## Exercise
Transcribe exactly the lines below that begin at the line with "(Ord) KAYcover 5" and stop after the line with "とりあえずGEOFFREY B. SMALL", leaving out every picture.

────────

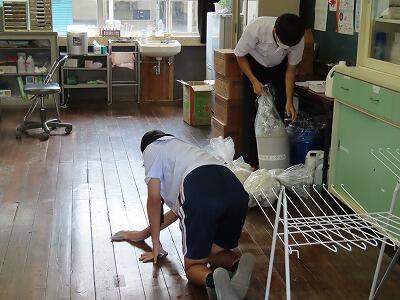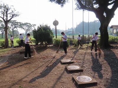 湿度が高く、少し体を動かすと汗をかいてしまう天気ですが、生徒たちは清掃活動を頑張っています。わずか10分間の掃除ですが、10分あればかなりきれいにすることができます。自分たちの学校を自分たちできれいにする、これも日本の伝統だと思います。
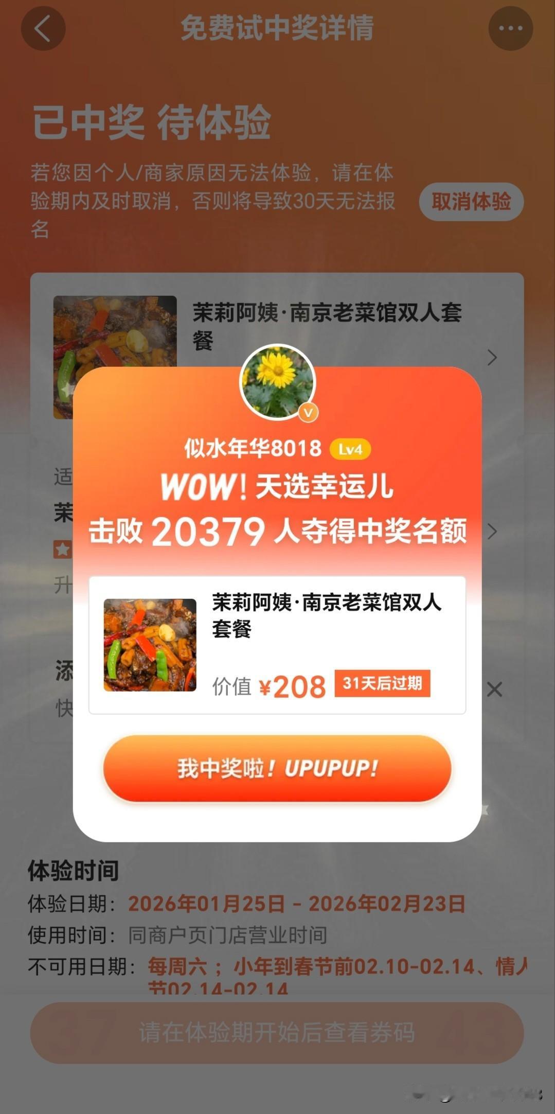 在大众点评抽中一个免费双人套餐,中午不想在家里烧饭,和老伴两个人去吃个霸王餐。 坐车来到秦淮区集庆门附近的茉莉阿姨.南京老菜馆,向店员出示了中奖券码,等待上菜期间,服务员热情地送上一份沙糖桔。双人套餐有:牛筋骨耗儿粉(牛筋骨耗儿粉和茉莉姜辣鸭二选一)、老南京下饭菜(青椒毛豆干子肉丝)(老南京下饭菜与湖南小炒肉二选一)、清炒油麦菜、扬州炸臭干、江南点心2份、米饭2份。在大众点评打卡收藏送冰糖雪梨饮料一盒。 两人吃这个套餐份量足够,土菜馆的口味。吃完坐车去老门东逛一逛,回去还得在大众点评上写100字以上的试吃评价。
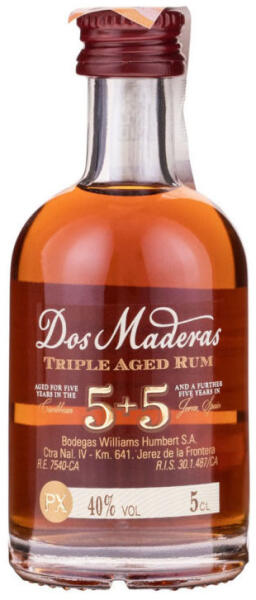 Dos Maderas PX 5+5 mini 0,05l 40%25„Kettős érlelésű rum, bár háromszorosnak tekinthető. A Barbadosról és Guyanából származó rumokat öt évig érlelik a Karib-tengeren, mielőtt Jerezbe szállítják, ahol tovább érlelik a Dos Cortados Palo Cortado Sherry hordók solera rendszereiben, majd Don Guido Pedro Ximénez Sherry hordókban.
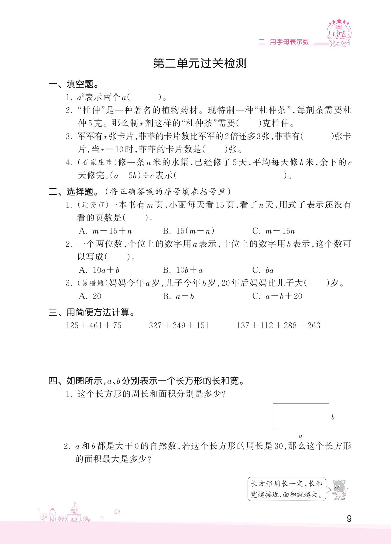 2022下册四年级数学冀教版 二 用字母表示数——第二单元过关检测
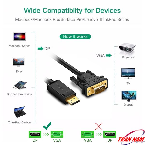 Hãy là người đầu tiên nhận xét “Cáp Chuyển Displayport Sang VGA (Dương) Dài 3M Ugreen 10236”
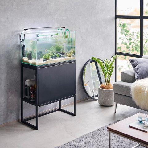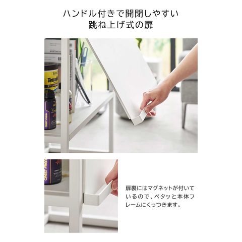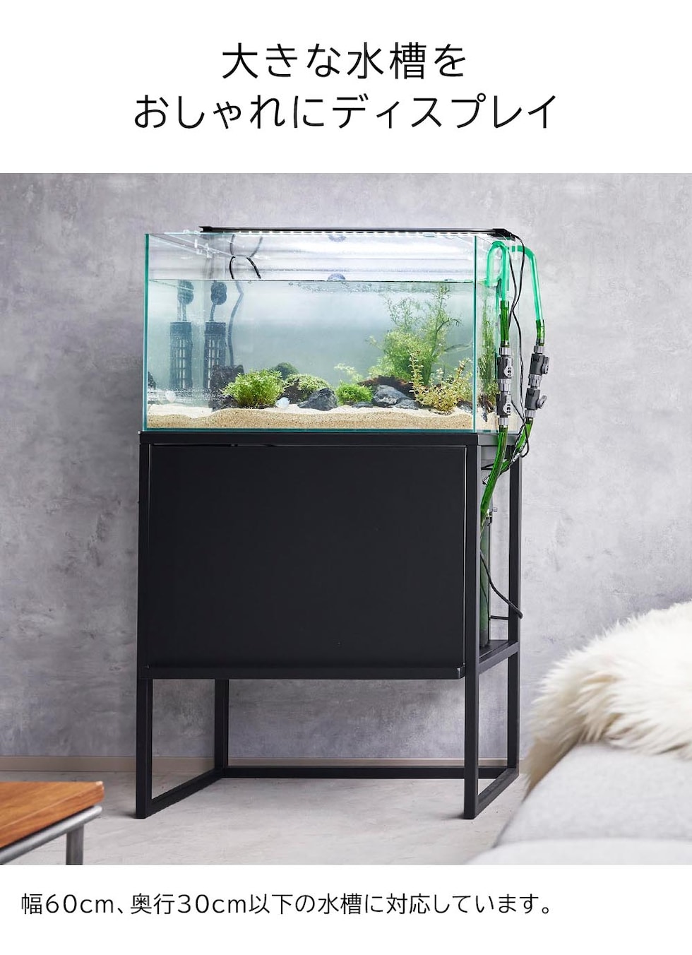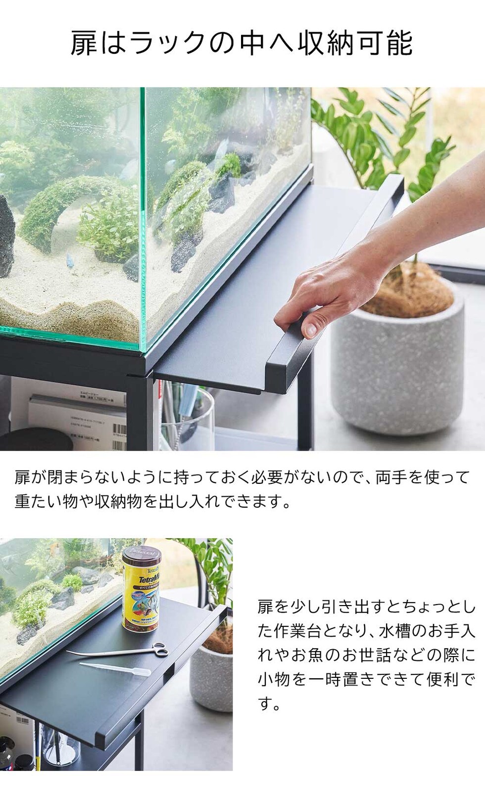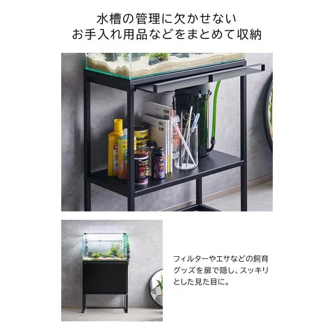 60cmサイズの水槽を飾れる、スチールのフレームがスタイリッシュな水槽ラック。ラック下段は収納棚になっており、フィルターやエサなどの飼育グッズをまとめて収納できます。収納棚の前にある跳ね上げ式の扉はマグネットでピタッと本体に固定されます。扉を閉めると生活感のないスッキリとした見た目に。開いた扉はラックの中にしまえるので、両手を使って重たい物や収納物を出し入れできます。扉を少し引き出すとちょっとした作業台となり、水槽のお手入れやお魚のお世話などの際に小物を一時置きできて便利です。どんな空間にも溶け込むシンプルなデザインなので、リビングや玄関などで水槽をおしゃれにディスプレイできます。
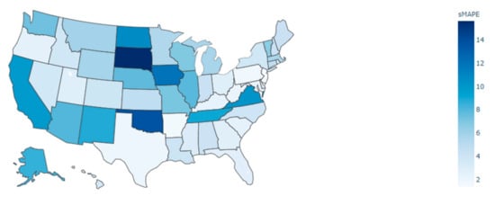 This study’s final limitation is related to the efficiency of developed models for different US states. As shown in Figure 8, the displayed average sMAPE values represent the differences between our model’s forecast and actual values for the seven days of the testing period. Because developed models trained based on previous days, it is possible that for a different testing period, the outcome measure would be different for states of the US.
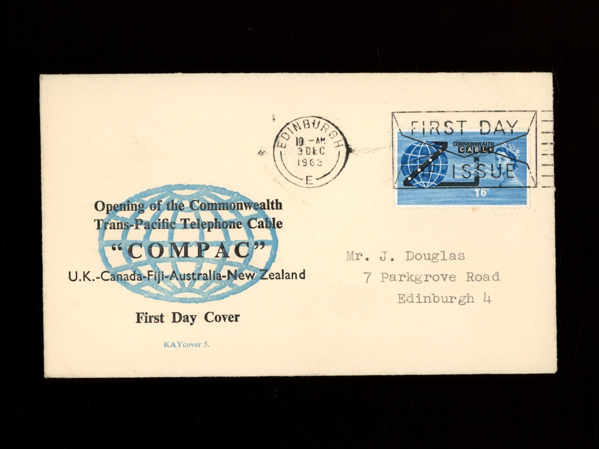 (Ord) KAYcover 5 scarce illustration FDC with Edinburgh First Day of Issue slogan. AT (see photo)
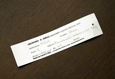 とりあえずGEOFFREY B. SMALL というブランドのLIMITED EDITIONという機軸ということはわかりました。ピアチェンザというのは、有名なカシミアの生地会社だということ、
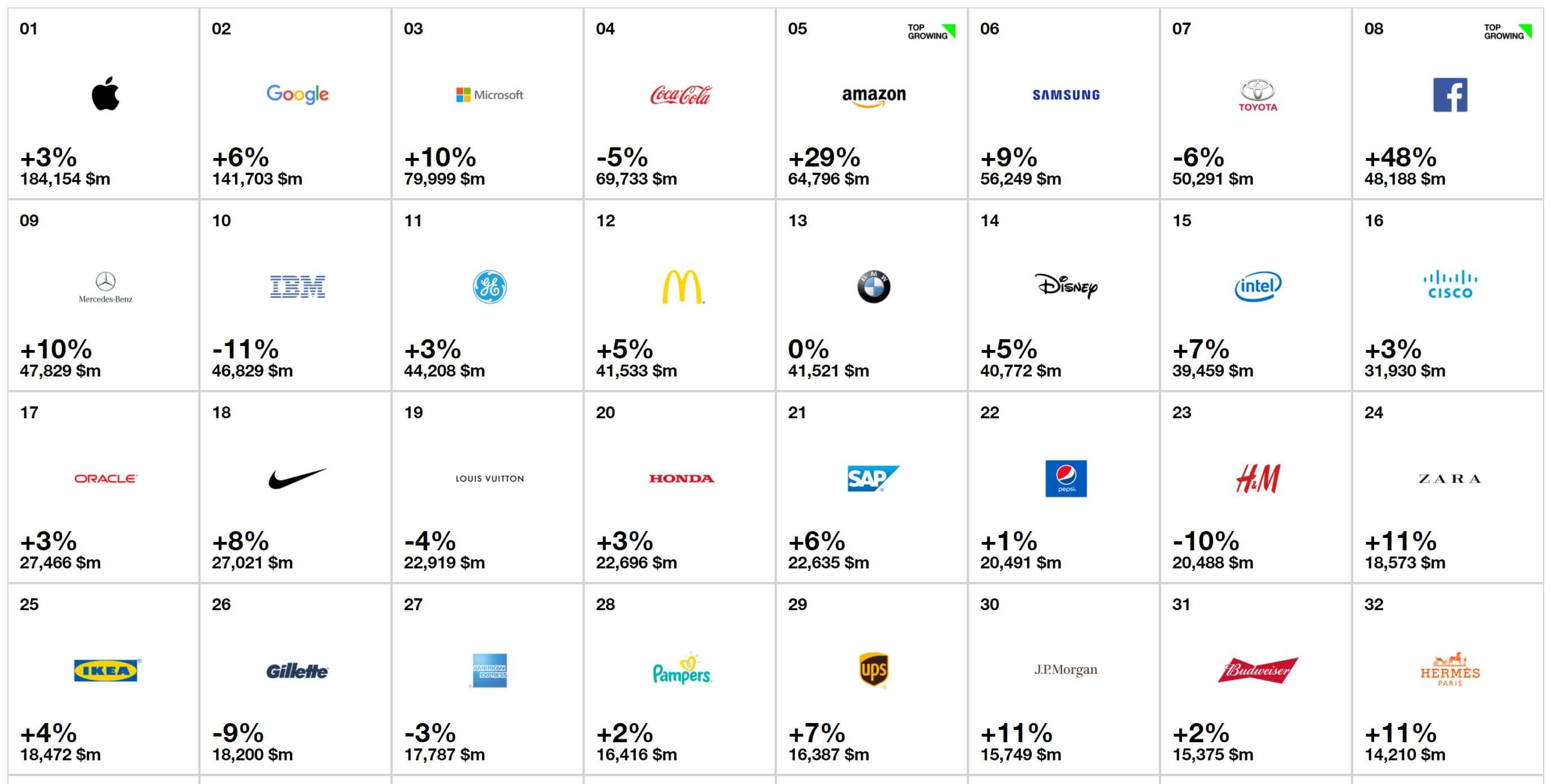 Unternehmen lassen sich nur über den Börsenwert miteinander vergleichen, auch wenn der in den meisten Fällen Hand und Fuß hat, sondern natürlich auch über die Kraft ihrer Marke – die beim Endkunden wichtiger ist als jede Firmenbewertung. Gerade große Unternehmen stellen ihre Marke gerne heraus und steigern so ihren eigenen Wert. Dabei geht es aber nicht nur um die Sympathie, sondern vor allem auch um die Sichtbarkeit der eigenen Marke, und in diesem Bereich sind die Technologie-Unternehmen einen großen Schritt voraus.
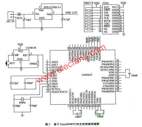 EasyARM615主机是系统控制和管理的核心,完成号票的打印和号码的存储、管理、显示、发送及语音播放等功能。顾客来到后,在主机上按“取号”键,系统将排队人数和排队号码加1,同时打印顾客的号码并存储。当窗口工作人员按“下一位”键取号时,主机将排在最前的号码发往呼叫器、相应的窗口显示屏和主显示屏,并通过语音模块播放语音,同时将系统的排队人数减l;当窗口工作人员按“重呼”键或“暂停”键时,从机向主机送出该窗口数据,主机收到后立即将该数据发往呼叫器、相应的窗口显示屏和主显示屏,并通过语音模块播放语音。主机控制器电路如图2所示。
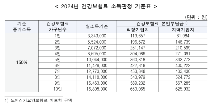 소득 기준도 있어요. 가구당 기준 중위소득의 150% 이하여야 하며, 이는 신청인의 가구 건보료 고지 금액이 2024년 건보료 소득판정 기준표상의 기준 중위소득 150% 이하라는 것을 의미해요. 따라서 신청 전에 건보료 고지 금액을 미리 확인하는 것이 좋아요.
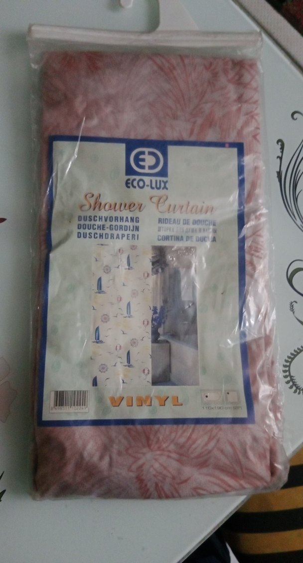 Bej renkli, pastel baskılı ve karşı kültür tarzında vinil duş perdesi, ECO-LUX markalıdır.
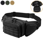 Feature: MULTIFUNCTIONAL GUN CASE-be able to put almost any full size pistols,4 magazines with accessory pocket.with the extra space for storing small item such as, scissors,knife,flashlight,etc. QUALTITY MATERIAL - Made from high-quality nylon material and nylon webbing, good wear and water resistance, strong corrosion resistance, which makes this tactical pouch perform better in the field. MOLLE SYSTEM DESIGN-Breathable mesh backing for comfort,removable and adjustable nylon web shoulder.Can be attached to a small bag, bag accessories, kettle, etc. Can expand the capacity to accommodate more items. MULTI-POCKET DESIGN-with a front zipper pocket, two sides zipper pockets, a back zipper pocket, a main pocket, a sandwich pocket.Main pocket - 17''L x 6''H x 2''W ; a front pocket - 7.3''L x 4.5''H x 1.2''W;a back zipper pocket - 7.9''L x 5.1''H; two sides zipper pockets front - 4.3'' x 5.1'' x 5.9''. EASY TO USE-Tactical storage gun bag ,Personal shoulder anti-theft bag ,Men's chest bag slung sports pocket.Perfect for indoors and outdoors: Running, Travelling, Camping, Hiking, Hunting, Cycling, sports, School Supplies, Tools, Etc. Specification: Material:nylon Type:Waist Pack Color:Black,Khaki,Army Green,C P Weight 0.3kg Size:25x15x15cm/9.84*5.90*5.90in Ocassion: Cycling Running Travel Climbing Hiking Fishing Hunting Package included: 1 x Waist Bag
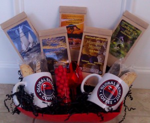 This Gift Set is valued $50. Included is 5 bags of 100% organic, 100% fair trade micro-roasted coffee (African sunrise, school house blend, nightfall, gorila in the mist, market, and full sail), 2 coffee mugs, red coffee scoop, chocolate biscotti,and apple red candy.
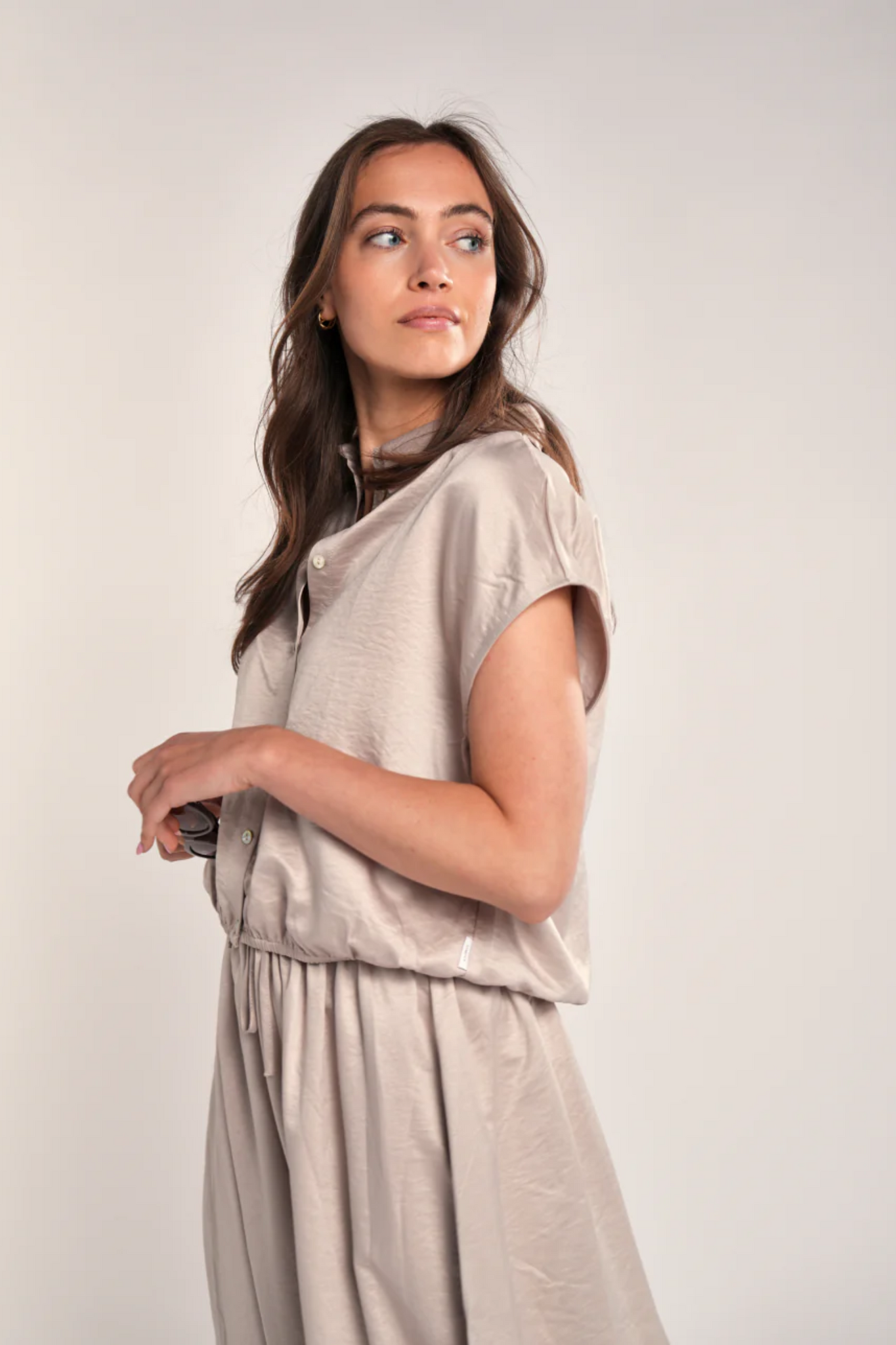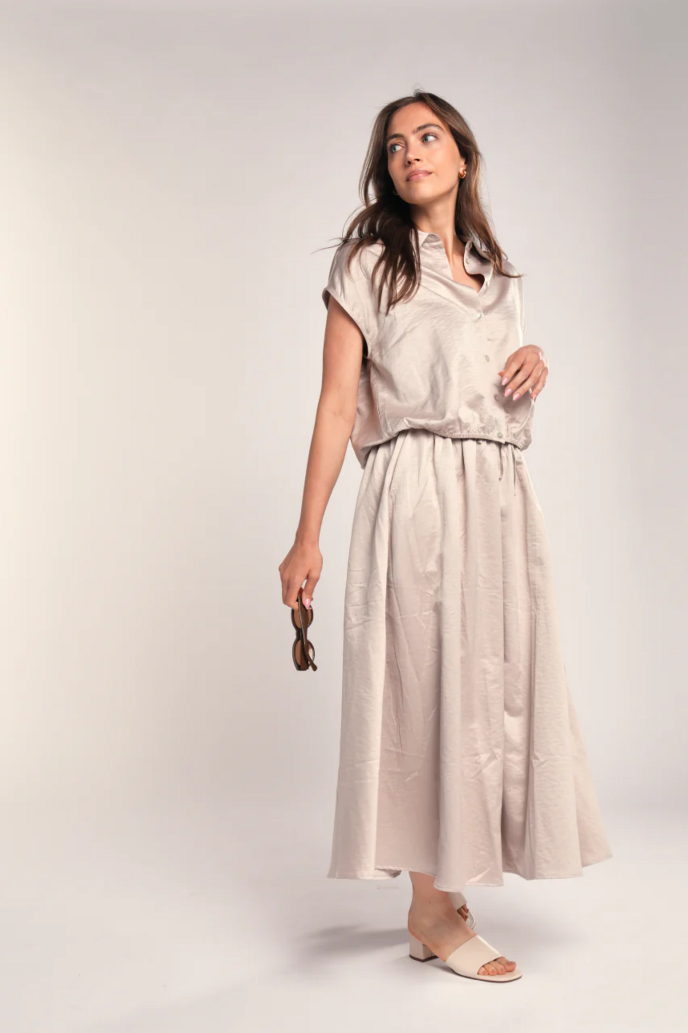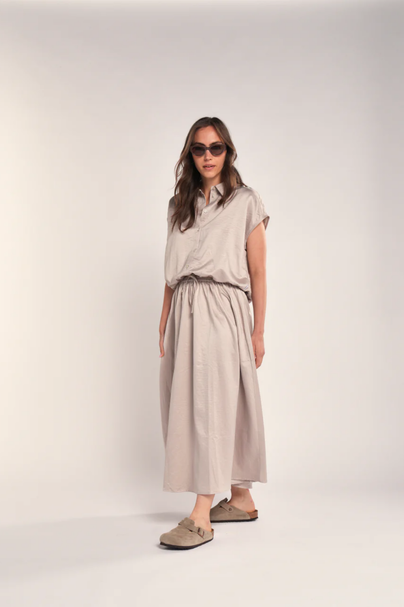 De Simple The Brand Anapi Rok in Sandy is een elegante A-lijn rok met een natuurlijke uitstraling. Dit model valt op kuitlengte en is uitgevoerd in een subtiele zandkleur die zich makkelijk laat combineren. Dankzij de elastische tailleband met een verstelbaar trekkoord biedt de rok een optimaal draagcomfort en een perfecte pasvorm voor elke dag.

────────

## Answer to this problem
 (Ord) KAYcover 5 scarce illustration FDC with Edinburgh First Day of Issue slogan. AT (see photo)
 とりあえずGEOFFREY B. SMALL というブランドのLIMITED EDITIONという機軸ということはわかりました。ピアチェンザというのは、有名なカシミアの生地会社だということ、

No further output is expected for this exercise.